Шумковъ былъ дома. Онъ ходилъ по комнатѣ чрезвычайно взволнованный. Взглянувъ на Аркадiя Ивановича, онъ какъ будто тотчасъ оправился, одумался и поспѣшилъ скрыть свое волненiе. Онъ молча сѣлъ за бумаги. Казалось, онъ избѣгалъ вопросовъ своего друга, тяготился ими, самъ задумалъ кое–что про себя и уже рѣшился не открывать своего рѣшенiя, за тѣмъ, что и на дружбу болѣе нельзя положиться. Это поразило Аркадiя, и сердце его изныло отъ тяжкой, пронзительной боли. Онъ сѣлъ на кровать и развернулъ какую–то книжонку, единственную, бывшую въ его обладанiи, а самъ не спускалъ глазъ съ бѣднаго Васи. Но Вася упорно молчалъ, писалъ и не подымалъ головы. Такъ прошло нѣсколько часовъ, и мученiя Аркадiя возросли до послѣдней степени. Наконецъ, часу въ одиннадцатомъ, Вася поднялъ голову, и тупымъ, неподвижнымъ взглядомъ посмотрѣлъ на Аркадiя. Аркадiй ждалъ. Прошло двѣ, три минуты; Вася молчалъ. «Вася!» крикнулъ Аркадiй. Вася не далъ отвѣта. «Вася!» повторилъ онъ, вскочивъ съ кровати: «Вася, что съ тобой? что ты?» закричалъ онъ, подбѣгая къ нему. Вася поднялъ голову и опять посмотрѣлъ на него тѣмъ же тупымъ, не подвижнымъ взглядомъ. «На него столбнякъ нашелъ!» подумалъ Аркадiй, весь дрожа отъ испуга. Онъ схватилъ графинъ съ водой, приподнялъ Васю, налилъ ему воды на голову, намочилъ виски, теръ руки въ своихъ рукахъ — и Вася очнулся. «Вася, Вася!» кричалъ Аркадiй, заливаясь слезами, не удерживаясь болѣе:  «Вася, не губи себя, вспомни! вспомни!..» Онъ не договорилъ и горячо сжималъ его въ своихъ объятiяхъ. Какое–то тягостное ощущенiе прошло по всему лицу Васи; онъ теръ себѣ лобъ и схватился за голову, словно боясь, что она разлетится.

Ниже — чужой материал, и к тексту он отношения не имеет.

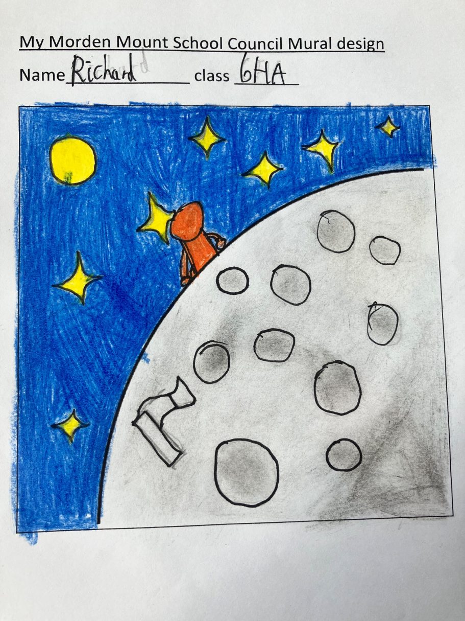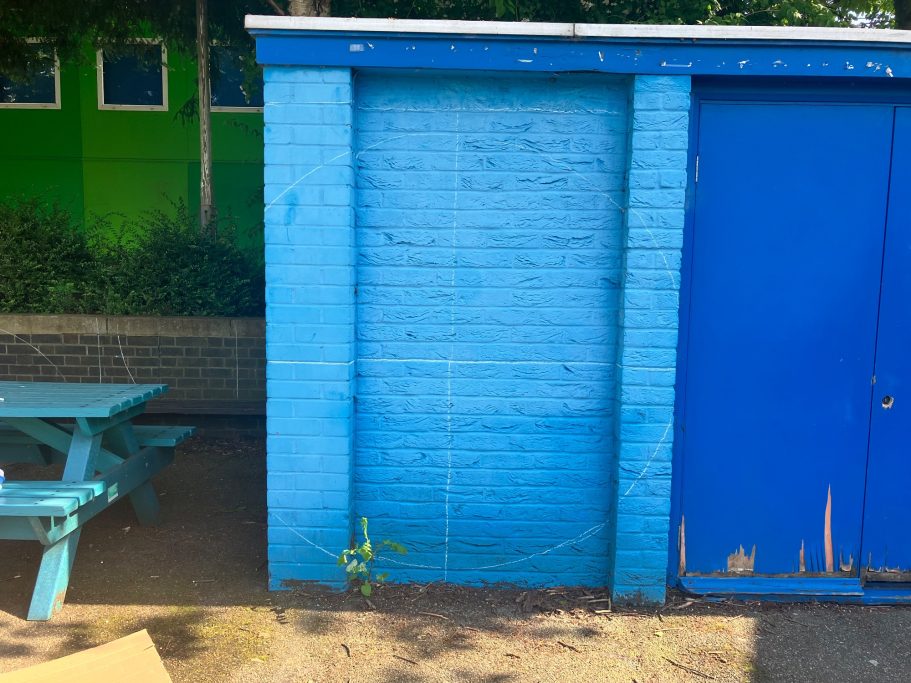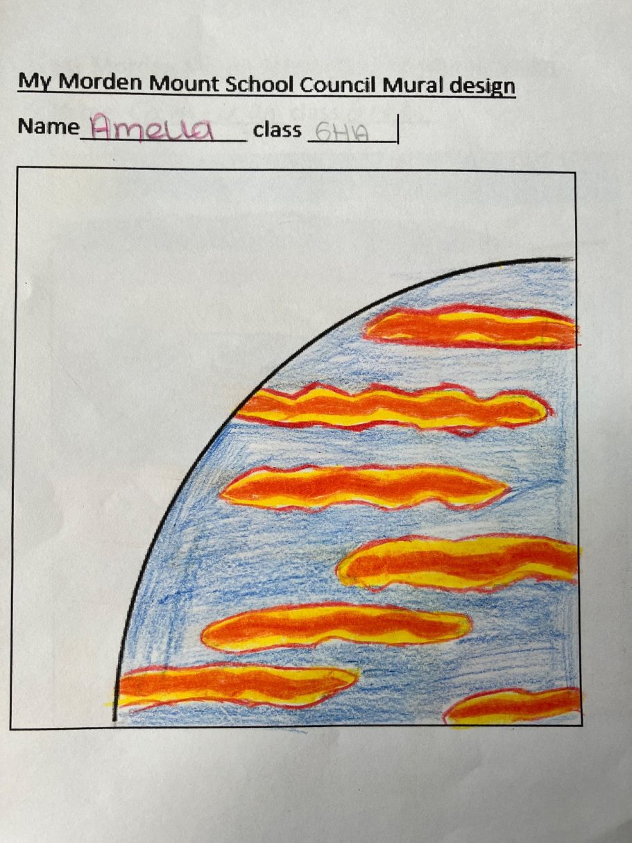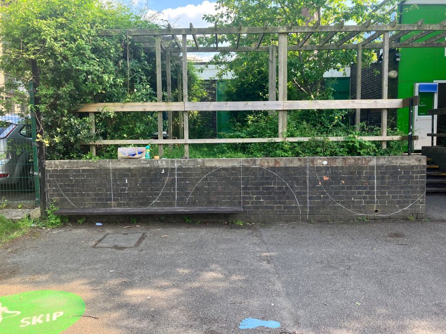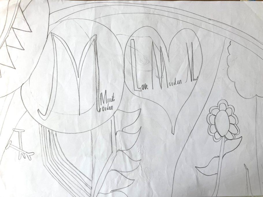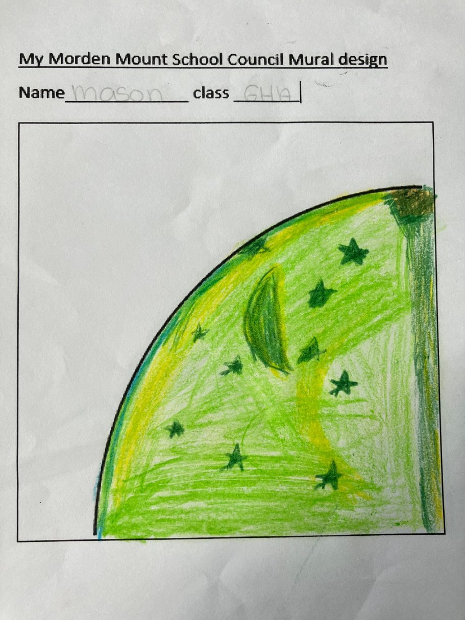 I was super excited to be working with James Wolfe Primary school on this new project. I worked with year 2 students drawing in Greenwich to come up with the initial ideas and then lead workshops back at school to design the final mural. I then painted the mural on the wall to transform the space.

 Не знаю, что это со мною, проговорилъ онъ наконецъ: — я, кажется, надорвался. Ну, хорошо, хорошо! Полно, Аркадiй, не печалься; полно! повторялъ онъ, смотря на него грустнымъ, изнеможеннымъ взглядомъ:  чего безпокоиться? полно!

 Ты же, ты же меня утѣшаешь, закричалъ Аркадiй, у котораго разрывалось сердце.  Вася, сказалъ онъ наконецъ: — прилягъ, засни немножко, что?

66

Не мучь себя по–напрасну! Лучше потомъ опять сядешь работать!

 Да, да! повторялъ Вася:  изволь! я лягу; хорошо; да! видишь ли, я хотѣлъ кончить, а теперь раздумалъ, да...  И Аркадiй утащилъ его на постель.

 Слушай, Вася, сказалъ онъ твердо:  нужно окончательно рѣшить это дѣло! Скажи мнѣ, что ты задумалъ?

 Ахъ! сказалъ Вася, махнувъ ослабѣвшей рукой и повернувъ на другую сторону голову.

 Полно, Вася, полно! рѣшись! Я не хочу быть убiйцей твоимъ: я не могу больше молчать. Ты не заснешь, коль не рѣшишься, я знаю.

 Какъ хочешь, какъ хочешь, загадочно повторилъ Вася.

 Сдается! подумалъ Аркадiй Ивановичъ.

 Послѣдуй мнѣ, Вася, сказалъ онъ:  вспомни, что я говорилъ, и я спасу тебя завтра; завтра я рѣшу твою участь! Что я говорю, участь! Ты такъ напугалъ меня, Вася, что я самъ толкую твоими словами. Какая участь! Просто вздоръ, пустяки! Тебѣ не хочется потерять расположенiе, любовь, если хочешь, Юлiана Мастаковича, да! и не потеряешь, увидишь... Я...

Аркадiй Ивановичъ еще долго бы говорилъ, но Вася прервалъ его. Онъ приподнялся на постели, молча обвилъ обѣими руками шею Аркадiя Ивановича и поцѣловалъ его.

 Довольно! сказалъ онъ слабымъ голосомъ:  довольно! полно объ этомъ!

И онъ снова повернулъ къ стѣнѣ свою голову.

 Боже мой! думалъ Аркадiй:  Боже мой! что съ нимъ? Онъ совсѣмъ потерялся; на что онъ рѣшился такое? Онъ погубитъ себя.

Аркадiй смотрѣлъ на него въ отчаянiи.

 Еслибъ онъ заболѣлъ, думалъ Аркадiй:  можетъ–быть, лучше бы было. Съ болѣзнью прошла бы и забота, а тамъ можно бы отличнымъ образомъ уладить все дѣло. Но что я вру! Ахъ, Создатель мой!...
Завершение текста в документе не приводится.